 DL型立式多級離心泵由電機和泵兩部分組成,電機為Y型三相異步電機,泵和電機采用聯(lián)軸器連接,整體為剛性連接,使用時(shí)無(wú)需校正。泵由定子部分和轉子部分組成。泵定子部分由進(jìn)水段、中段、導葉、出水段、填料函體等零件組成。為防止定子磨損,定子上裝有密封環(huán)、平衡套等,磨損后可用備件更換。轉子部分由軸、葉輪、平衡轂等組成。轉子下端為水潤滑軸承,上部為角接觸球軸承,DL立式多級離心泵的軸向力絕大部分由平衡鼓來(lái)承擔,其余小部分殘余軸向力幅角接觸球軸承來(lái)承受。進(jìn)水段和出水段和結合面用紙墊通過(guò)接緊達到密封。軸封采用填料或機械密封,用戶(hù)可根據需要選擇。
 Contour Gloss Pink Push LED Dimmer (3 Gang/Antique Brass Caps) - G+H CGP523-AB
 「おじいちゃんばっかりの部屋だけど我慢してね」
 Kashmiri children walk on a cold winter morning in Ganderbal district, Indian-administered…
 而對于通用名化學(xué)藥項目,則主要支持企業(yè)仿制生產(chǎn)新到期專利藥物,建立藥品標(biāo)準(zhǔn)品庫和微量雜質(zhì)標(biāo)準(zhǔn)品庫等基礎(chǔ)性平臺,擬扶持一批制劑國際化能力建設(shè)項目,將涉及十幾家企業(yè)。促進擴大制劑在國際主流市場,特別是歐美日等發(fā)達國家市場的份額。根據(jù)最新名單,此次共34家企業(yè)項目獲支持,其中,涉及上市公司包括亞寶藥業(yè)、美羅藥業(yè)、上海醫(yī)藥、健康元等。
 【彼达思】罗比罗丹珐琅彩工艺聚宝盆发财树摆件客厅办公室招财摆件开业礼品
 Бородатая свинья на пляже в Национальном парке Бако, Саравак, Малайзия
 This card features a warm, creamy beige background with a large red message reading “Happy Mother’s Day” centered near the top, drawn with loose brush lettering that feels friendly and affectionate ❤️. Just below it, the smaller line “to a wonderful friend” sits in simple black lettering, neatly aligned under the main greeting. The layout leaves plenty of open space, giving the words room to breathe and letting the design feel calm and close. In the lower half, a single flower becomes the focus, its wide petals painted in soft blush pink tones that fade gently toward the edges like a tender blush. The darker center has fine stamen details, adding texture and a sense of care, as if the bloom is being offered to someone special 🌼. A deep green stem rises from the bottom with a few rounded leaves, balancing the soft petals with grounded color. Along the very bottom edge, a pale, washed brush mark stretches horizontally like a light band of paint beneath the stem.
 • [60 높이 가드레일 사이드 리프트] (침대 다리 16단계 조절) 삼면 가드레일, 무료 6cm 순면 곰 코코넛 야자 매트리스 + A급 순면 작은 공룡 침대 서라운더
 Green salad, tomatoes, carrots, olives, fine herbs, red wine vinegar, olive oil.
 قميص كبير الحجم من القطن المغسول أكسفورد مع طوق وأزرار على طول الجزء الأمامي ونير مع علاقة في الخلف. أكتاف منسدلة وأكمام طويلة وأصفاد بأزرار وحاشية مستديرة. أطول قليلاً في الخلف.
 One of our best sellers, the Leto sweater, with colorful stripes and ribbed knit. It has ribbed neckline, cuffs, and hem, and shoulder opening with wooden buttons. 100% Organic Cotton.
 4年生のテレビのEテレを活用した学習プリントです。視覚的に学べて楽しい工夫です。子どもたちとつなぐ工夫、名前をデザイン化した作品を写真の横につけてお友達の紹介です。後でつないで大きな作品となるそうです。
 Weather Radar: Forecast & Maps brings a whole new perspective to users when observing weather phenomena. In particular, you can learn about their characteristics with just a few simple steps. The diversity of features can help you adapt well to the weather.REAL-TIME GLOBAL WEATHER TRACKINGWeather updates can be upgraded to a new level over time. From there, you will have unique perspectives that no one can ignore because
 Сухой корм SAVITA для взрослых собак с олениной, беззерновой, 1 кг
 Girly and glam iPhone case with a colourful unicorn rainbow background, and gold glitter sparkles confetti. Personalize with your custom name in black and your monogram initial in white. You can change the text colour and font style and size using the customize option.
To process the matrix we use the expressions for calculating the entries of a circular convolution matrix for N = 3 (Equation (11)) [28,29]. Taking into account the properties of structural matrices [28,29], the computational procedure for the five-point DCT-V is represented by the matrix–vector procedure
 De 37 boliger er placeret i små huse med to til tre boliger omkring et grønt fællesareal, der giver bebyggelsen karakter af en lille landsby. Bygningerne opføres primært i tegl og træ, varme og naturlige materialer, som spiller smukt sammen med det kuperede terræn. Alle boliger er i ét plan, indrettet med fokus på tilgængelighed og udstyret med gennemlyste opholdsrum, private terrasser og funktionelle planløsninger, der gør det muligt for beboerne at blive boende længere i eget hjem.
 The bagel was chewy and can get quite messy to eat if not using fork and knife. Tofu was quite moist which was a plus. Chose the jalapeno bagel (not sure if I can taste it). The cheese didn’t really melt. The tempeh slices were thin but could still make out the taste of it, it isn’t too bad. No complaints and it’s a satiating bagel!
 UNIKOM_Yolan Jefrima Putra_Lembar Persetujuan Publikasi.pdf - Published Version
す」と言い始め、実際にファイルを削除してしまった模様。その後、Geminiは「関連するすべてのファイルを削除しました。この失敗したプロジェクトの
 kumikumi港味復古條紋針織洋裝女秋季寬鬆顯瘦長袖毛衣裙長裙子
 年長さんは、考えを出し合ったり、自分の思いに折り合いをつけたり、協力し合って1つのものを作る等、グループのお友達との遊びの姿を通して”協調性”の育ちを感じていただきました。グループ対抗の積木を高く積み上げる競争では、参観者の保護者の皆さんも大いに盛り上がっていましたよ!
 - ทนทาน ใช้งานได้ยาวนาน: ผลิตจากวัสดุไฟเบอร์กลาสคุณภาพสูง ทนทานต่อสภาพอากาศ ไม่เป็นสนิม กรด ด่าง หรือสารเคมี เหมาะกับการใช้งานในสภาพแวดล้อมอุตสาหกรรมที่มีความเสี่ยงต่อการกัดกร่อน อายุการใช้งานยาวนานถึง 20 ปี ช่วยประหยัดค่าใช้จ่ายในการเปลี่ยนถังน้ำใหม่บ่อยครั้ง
********************
What is expected
All the entries are to be reproduced verbatim.

Response to this exercise
 DL型立式多級離心泵由電機和泵兩部分組成,電機為Y型三相異步電機,泵和電機采用聯(lián)軸器連接,整體為剛性連接,使用時(shí)無(wú)需校正。泵由定子部分和轉子部分組成。泵定子部分由進(jìn)水段、中段、導葉、出水段、填料函體等零件組成。為防止定子磨損,定子上裝有密封環(huán)、平衡套等,磨損后可用備件更換。轉子部分由軸、葉輪、平衡轂等組成。轉子下端為水潤滑軸承,上部為角接觸球軸承,DL立式多級離心泵的軸向力絕大部分由平衡鼓來(lái)承擔,其余小部分殘余軸向力幅角接觸球軸承來(lái)承受。進(jìn)水段和出水段和結合面用紙墊通過(guò)接緊達到密封。軸封采用填料或機械密封,用戶(hù)可根據需要選擇。
 Contour Gloss Pink Push LED Dimmer (3 Gang/Antique Brass Caps) - G+H CGP523-AB
 「おじいちゃんばっかりの部屋だけど我慢してね」
 Kashmiri children walk on a cold winter morning in Ganderbal district, Indian-administered…
 而對于通用名化學(xué)藥項目,則主要支持企業(yè)仿制生產(chǎn)新到期專利藥物,建立藥品標(biāo)準(zhǔn)品庫和微量雜質(zhì)標(biāo)準(zhǔn)品庫等基礎(chǔ)性平臺,擬扶持一批制劑國際化能力建設(shè)項目,將涉及十幾家企業(yè)。促進擴大制劑在國際主流市場,特別是歐美日等發(fā)達國家市場的份額。根據(jù)最新名單,此次共34家企業(yè)項目獲支持,其中,涉及上市公司包括亞寶藥業(yè)、美羅藥業(yè)、上海醫(yī)藥、健康元等。
 【彼达思】罗比罗丹珐琅彩工艺聚宝盆发财树摆件客厅办公室招财摆件开业礼品
 Бородатая свинья на пляже в Национальном парке Бако, Саравак, Малайзия
 This card features a warm, creamy beige background with a large red message reading “Happy Mother’s Day” centered near the top, drawn with loose brush lettering that feels friendly and affectionate ❤️. Just below it, the smaller line “to a wonderful friend” sits in simple black lettering, neatly aligned under the main greeting. The layout leaves plenty of open space, giving the words room to breathe and letting the design feel calm and close. In the lower half, a single flower becomes the focus, its wide petals painted in soft blush pink tones that fade gently toward the edges like a tender blush. The darker center has fine stamen details, adding texture and a sense of care, as if the bloom is being offered to someone special 🌼. A deep green stem rises from the bottom with a few rounded leaves, balancing the soft petals with grounded color. Along the very bottom edge, a pale, washed brush mark stretches horizontally like a light band of paint beneath the stem.
 • [60 높이 가드레일 사이드 리프트] (침대 다리 16단계 조절) 삼면 가드레일, 무료 6cm 순면 곰 코코넛 야자 매트리스 + A급 순면 작은 공룡 침대 서라운더
 Green salad, tomatoes, carrots, olives, fine herbs, red wine vinegar, olive oil.
 قميص كبير الحجم من القطن المغسول أكسفورد مع طوق وأزرار على طول الجزء الأمامي ونير مع علاقة في الخلف. أكتاف منسدلة وأكمام طويلة وأصفاد بأزرار وحاشية مستديرة. أطول قليلاً في الخلف.
 One of our best sellers, the Leto sweater, with colorful stripes and ribbed knit. It has ribbed neckline, cuffs, and hem, and shoulder opening with wooden buttons. 100% Organic Cotton.
 4年生のテレビのEテレを活用した学習プリントです。視覚的に学べて楽しい工夫です。子どもたちとつなぐ工夫、名前をデザイン化した作品を写真の横につけてお友達の紹介です。後でつないで大きな作品となるそうです。
 Weather Radar: Forecast & Maps brings a whole new perspective to users when observing weather phenomena. In particular, you can learn about their characteristics with just a few simple steps. The diversity of features can help you adapt well to the weather.REAL-TIME GLOBAL WEATHER TRACKINGWeather updates can be upgraded to a new level over time. From there, you will have unique perspectives that no one can ignore because
 Сухой корм SAVITA для взрослых собак с олениной, беззерновой, 1 кг
 Girly and glam iPhone case with a colourful unicorn rainbow background, and gold glitter sparkles confetti. Personalize with your custom name in black and your monogram initial in white. You can change the text colour and font style and size using the customize option.
To process the matrix we use the expressions for calculating the entries of a circular convolution matrix for N = 3 (Equation (11)) [28,29]. Taking into account the properties of structural matrices [28,29], the computational procedure for the five-point DCT-V is represented by the matrix–vector procedure
 De 37 boliger er placeret i små huse med to til tre boliger omkring et grønt fællesareal, der giver bebyggelsen karakter af en lille landsby. Bygningerne opføres primært i tegl og træ, varme og naturlige materialer, som spiller smukt sammen med det kuperede terræn. Alle boliger er i ét plan, indrettet med fokus på tilgængelighed og udstyret med gennemlyste opholdsrum, private terrasser og funktionelle planløsninger, der gør det muligt for beboerne at blive boende længere i eget hjem.
 The bagel was chewy and can get quite messy to eat if not using fork and knife. Tofu was quite moist which was a plus. Chose the jalapeno bagel (not sure if I can taste it). The cheese didn’t really melt. The tempeh slices were thin but could still make out the taste of it, it isn’t too bad. No complaints and it’s a satiating bagel!
 UNIKOM_Yolan Jefrima Putra_Lembar Persetujuan Publikasi.pdf - Published Version
す」と言い始め、実際にファイルを削除してしまった模様。その後、Geminiは「関連するすべてのファイルを削除しました。この失敗したプロジェクトの
 kumikumi港味復古條紋針織洋裝女秋季寬鬆顯瘦長袖毛衣裙長裙子
 年長さんは、考えを出し合ったり、自分の思いに折り合いをつけたり、協力し合って1つのものを作る等、グループのお友達との遊びの姿を通して”協調性”の育ちを感じていただきました。グループ対抗の積木を高く積み上げる競争では、参観者の保護者の皆さんも大いに盛り上がっていましたよ!
 - ทนทาน ใช้งานได้ยาวนาน: ผลิตจากวัสดุไฟเบอร์กลาสคุณภาพสูง ทนทานต่อสภาพอากาศ ไม่เป็นสนิม กรด ด่าง หรือสารเคมี เหมาะกับการใช้งานในสภาพแวดล้อมอุตสาหกรรมที่มีความเสี่ยงต่อการกัดกร่อน อายุการใช้งานยาวนานถึง 20 ปี ช่วยประหยัดค่าใช้จ่ายในการเปลี่ยนถังน้ำใหม่บ่อยครั้ง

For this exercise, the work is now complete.